За ухом у него я увидал бумажку.
— А куришь?
— Курю, — сказал он, очевидно ожидая, что я буду уговаривать его и это бросить. Но я не стал. Он помолчал и по какой-то странной связи мыслей, — связь эта, я думаю, была в том, что, видя во мне сочувствие к своей жизни, он хотел сообщить мне то важное событие, которое ожидало его осенью, — он сказал:
— А я вам не сказывал: меня уже сосватали. — И он улыбнулся, вопросительно глядя мне в глаза. — Осенью.

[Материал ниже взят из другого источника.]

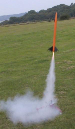 The first flight was on a B6-4 on a day with a very light breeze. The rocket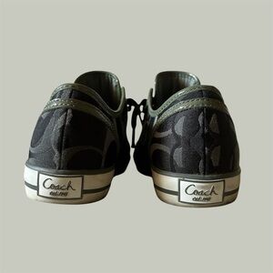 Chic Coach sneakers with a bold pattern. Lace-up style for a secure fit. Chic Coach sneakers with iconic logo pattern. Black and gray tones. Perfect for casual wear.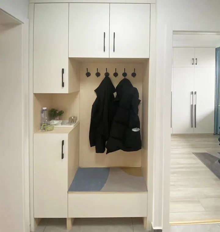 為了解決入戶空間缺乏儲(chǔ)物,及入戶門(mén)正對(duì)次臥門(mén)的難題,設(shè)計(jì)師將次臥的門(mén)向廚房方向移動(dòng)了90厘米,同時(shí)在這里做了一個(gè)凹龕,增加衣帽柜,解決了門(mén)廳的收納難題。
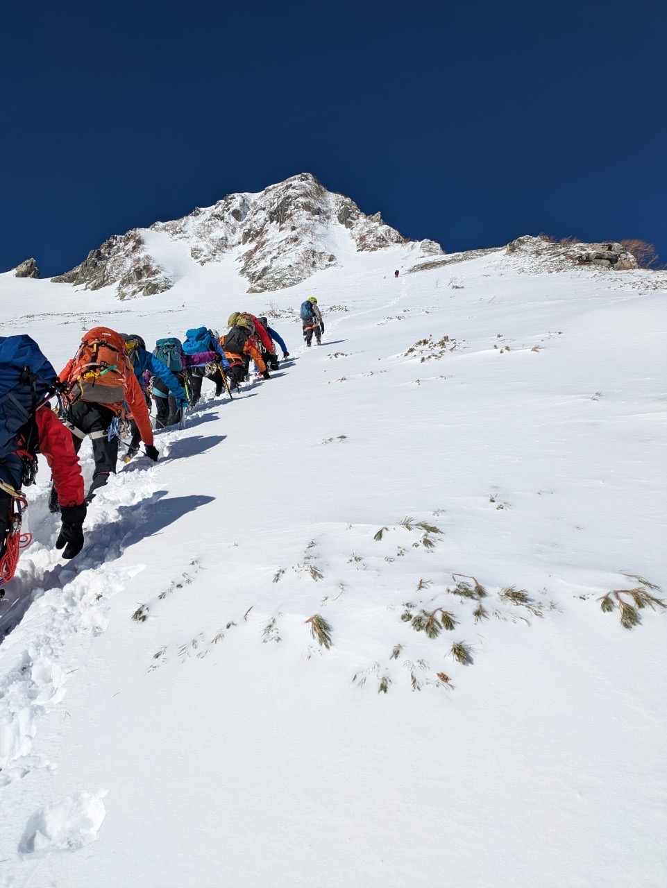 記録(冬の山登り), 記録(岩登り) 20250118宝剣岳 サギダル尾根 Author ymc Date 2025年1月20日 日時:2025年1月18日9:00〜13:00 場所:千畳敷周辺 天候:晴天 参加者:M戸、N澤、S藤(報告者) 去年参加した雪上訓練中に何組も登っているのが見えたサギダル尾根。冬季バリエーション初級ルートと紹介されてい

— Вот как! Хорошее дело. Где берете?
Он сказал.
— С приданым?
— Нет, какое приданое. Девушка хорошая.
И мне пришло в голову сделать ему тот вопрос, который всегда занимает меня, когда имеешь дело с хорошими молодыми людьми нашего времени.

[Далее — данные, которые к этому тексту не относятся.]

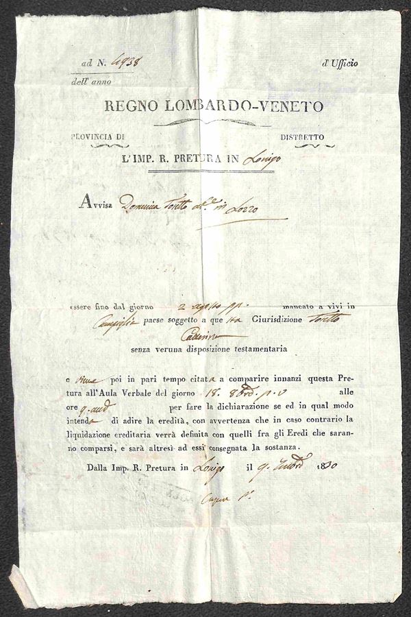 1930 (9 settembre) - Agente Co.ne di Lozzo - circolare a stampa da Lonigo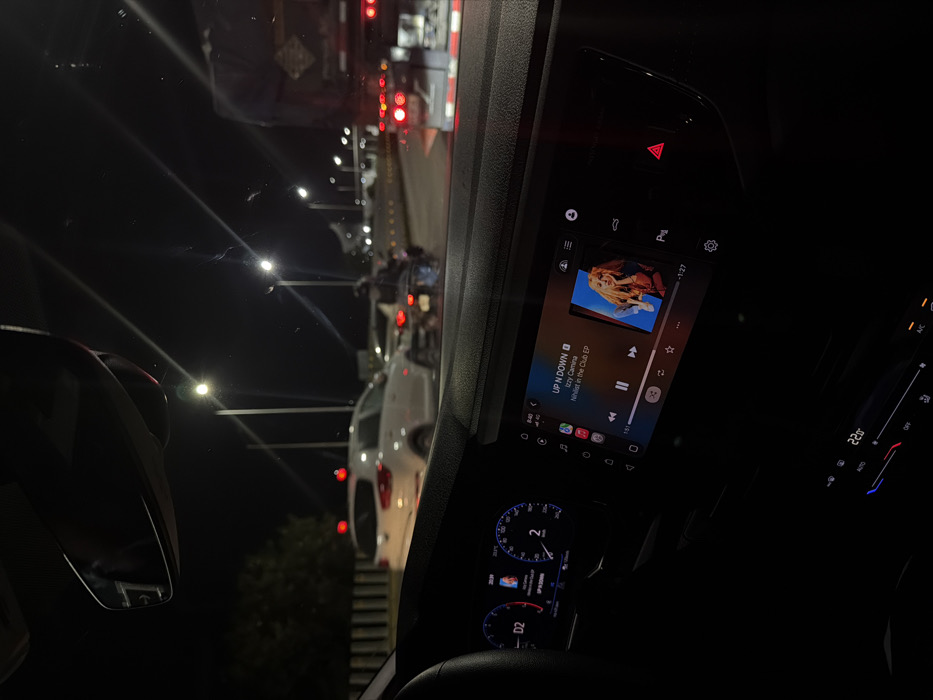 Captured from inside a vehicle at night, the scene depicts a traffic jam under streetlights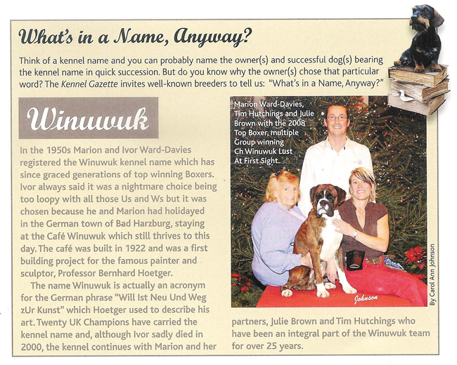 ![]() Ch Winuwuk The Outlaw Best of Breed at Crufts and Top Boxer 2014 |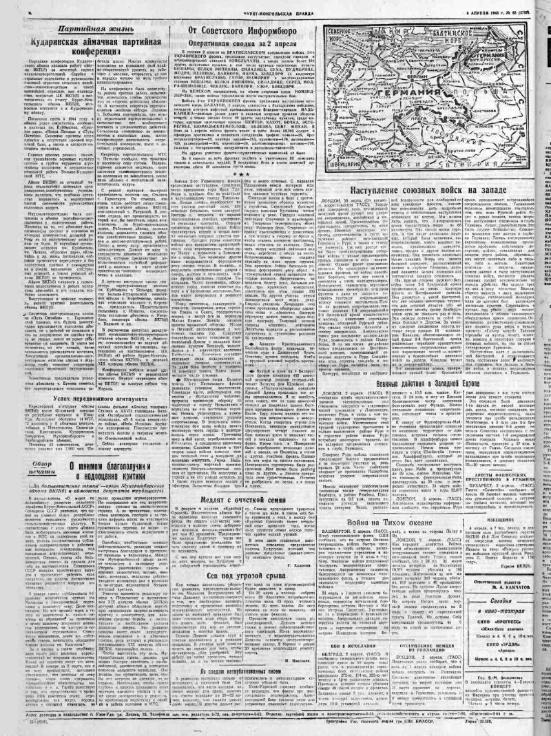 1945, № 65 (5755) (4 апреля). - 1945. - 2 с.

— А что, — спросил я, — уж ты прости меня, что я тебя спрашиваю, но, пожалуйста, скажи правду: или не отвечай, или всю правду скажи.
Он уставил на меня спокойный, внимательный взгляд.
— Отчего ж не сказать.
— Имел ты грех с женщиной?
Ни минуты не колеблясь, он просто отвечал:
— Помилуй бог, не было этого.
— Вот и хорошо, очень хорошо, — сказал я. — Радуюсь за тебя.

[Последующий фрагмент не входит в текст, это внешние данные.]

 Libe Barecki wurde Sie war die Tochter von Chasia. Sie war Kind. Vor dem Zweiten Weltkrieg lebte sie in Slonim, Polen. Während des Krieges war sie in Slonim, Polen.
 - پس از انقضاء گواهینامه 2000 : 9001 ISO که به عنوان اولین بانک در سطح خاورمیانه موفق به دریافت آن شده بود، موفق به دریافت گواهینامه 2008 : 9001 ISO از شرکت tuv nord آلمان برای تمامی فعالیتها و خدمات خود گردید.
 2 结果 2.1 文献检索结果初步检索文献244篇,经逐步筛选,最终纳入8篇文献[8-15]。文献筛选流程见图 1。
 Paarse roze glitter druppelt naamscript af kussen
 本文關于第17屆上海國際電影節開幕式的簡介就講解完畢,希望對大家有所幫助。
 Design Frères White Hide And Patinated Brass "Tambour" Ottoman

Говорить больше было сейчас нечего.
— Ну так вот, я сейчас вынесу тебе книжки, и помогай тебе бог.
И мы простились.
Да, какая чудная для посева земля, какая восприимчивая. И какой ужасный грех бросать в нее семена лжи, насилия, пьянства, разврата. Да, какая чудная земля не переставая парует, дожидаясь семени, и зарастает сорными травами. Мы же, имеющие возможность отдать этому народу хоть что-нибудь из того, что мы не переставая берем от него, — что мы даем ему? Аэропланы, дредноуты, тридцатиэтажные дома, граммофоны, кинематографы и все те ненужные глупости, которые мы называем наукой и искусством. И главное — пример пустой, безнравственной, преступной жизни. Да еще хорошо, если бы мы за то, что берем от него, давали бы ему только одни ненужные, глупые и дурные примеры. А то вместо уплаты хоть части своего неоплатного долга перед ним мы засеиваем эту алчущую истинного знания землю одними «терниями и волчцами», запутываем этих милых, открытых на все доброе, чистых, как дети, людей коварными, умышленными обманами.
Да, «горе миру от соблазнов, ибо надобно прийти соблазнам; но горе тому человеку, через которого соблазн приходит».